■ EXERCISE REQUIREMENTS ■
From the line with "苹果非凡的执行力和供应链的弹" through the line with "Stretch knit adjustable", inclusive, return each line of the data below exactly and leave the rest out.

■ RECORDS FOR THE EXERCISE ■
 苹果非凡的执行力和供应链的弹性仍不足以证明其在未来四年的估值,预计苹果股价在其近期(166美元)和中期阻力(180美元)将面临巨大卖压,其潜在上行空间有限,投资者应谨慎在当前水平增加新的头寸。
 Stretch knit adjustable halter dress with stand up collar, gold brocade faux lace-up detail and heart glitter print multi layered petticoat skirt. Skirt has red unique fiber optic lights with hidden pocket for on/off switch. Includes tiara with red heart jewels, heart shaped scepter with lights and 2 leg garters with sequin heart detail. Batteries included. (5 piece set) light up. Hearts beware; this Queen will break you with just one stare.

==

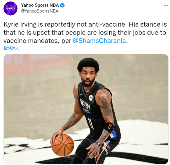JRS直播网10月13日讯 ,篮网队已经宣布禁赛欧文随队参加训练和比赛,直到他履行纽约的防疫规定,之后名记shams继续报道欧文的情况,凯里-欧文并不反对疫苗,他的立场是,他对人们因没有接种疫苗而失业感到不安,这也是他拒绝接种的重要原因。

■ RESPONSE BELOW ■
 苹果非凡的执行力和供应链的弹性仍不足以证明其在未来四年的估值,预计苹果股价在其近期(166美元)和中期阻力(180美元)将面临巨大卖压,其潜在上行空间有限,投资者应谨慎在当前水平增加新的头寸。
 Stretch knit adjustable halter dress with stand up collar, gold brocade faux lace-up detail and heart glitter print multi layered petticoat skirt. Skirt has red unique fiber optic lights with hidden pocket for on/off switch. Includes tiara with red heart jewels, heart shaped scepter with lights and 2 leg garters with sequin heart detail. Batteries included. (5 piece set) light up. Hearts beware; this Queen will break you with just one stare.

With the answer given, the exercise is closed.